Note that I selected "moderately active" as a 55 mile per week runner. Running only takes about one hour a day (averaged over the course of the week). And several of those runs are at moderate/easy paces. More importantly, my job is pretty sedentary and I sit at a desk the rest of the day. Thus, I would not categorize myself as "very active".  When deciding how to classify your activity level, think in terms of your whole life (exercise, job, home life, etc..). For exercise, consider how much time you exercise (on a per day average) and the intensity (heart rate) during the exercise. I would guess that what most people consider exercise falls more closely into normal activity for a human being.

Up to this point, I have sort of smoothed all these calculations over a week to get a daily value. In table 1, I multiplied my weekly mileage and then, after the calculations, I divided by seven to get a daily figure. In table 2, I forced my activity level up to "moderate" because of my running. One could certainly figure out their daily calories needed based on lifestyle only (not including exercises) and then net out exercising. If you are not in a consistent exercise regimen, then it probably makes sense to track your "net" calories on a day-to-day basis.  But, as a runner that consistently hits 50 miles per week, tracking my calories this way would be difficult and may prove to be a detriment to recovery.

Here is an example of how to track your calories day-to-day:

Day Base Calories Calories "Earned" Total Calories
Monday 2200 0 2200
Tuesday 2200 1341 3541
Wednesday 2200 1099 3299
Thursday 2200 794 2994
Friday 2200 0 2200
Saturday 2200 2940 5140
Sunday 2200 845 3045

Using any of the tools above (or MyPlate) you can determine your basic metabolic needs.
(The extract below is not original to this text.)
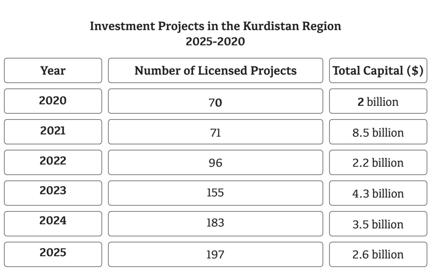 The past five years have tested economies worldwide. Despite global shocks and regional uncertainty, the investment climate in the Kurdistan Region has remained strong, maintaining steady growth momentum. Since 2020, the Kurdistan Board of Investment has continued to license hundreds of new projects, reflecting sustained investor confidence.

My lifestyle (without running) is sedentary, meaning my basic calorie needs are minimal (2200 per day according to MyPlate). To make calculations simple, I used 2000 calories per day. On days that I run, I am "earning" more calories to eat. Tuesday I earned an additional 1341 calories for the day, or a total of 3341 that I can eat to maintain my weight. The problem that I have with these calculations is my off days and my long run days (like Saturday).  It would be difficult to adjust my eating each day such that I have a spectrum from 2000 calories all the way to almost 5000! Worse yet, I would have a difficult time eating good quality foods (slow burning carbs and protein) in high enough quantities to eat 5000 calories on Saturday. Instead, I would be forced to eat a diet high in fat (2.5 times the calorie density) in order to achieve that 5000 calories. Smoothing out the calorie intake over the week is much healthier so that I can feed it constant sources of good food. Doing so will allow my body to recover in between runs and on off days.  (By the way, the average of the seven days comes out to 3200 calories per day!)

After reviewing all of this, I am not sure if I am getting enough calories per day.  I think I am close.  Following my own advice, I will monitor my calories for a few days and make sure they are between 2900 and 3200.  With that said, I have a couple other hypothesis about what I can do to help my energy needs in the meantime.  First I will try to eat more, smaller meals (or snacks) throughout the day to keep my energy constant.  Hopefully adding some healthy snacks like almonds or meal replacements (protein shakes) can help with that. And, I will begin to monitor what I'm to make sure I am getting a better breakdown of the major energy sources (protein, carbs, and fat).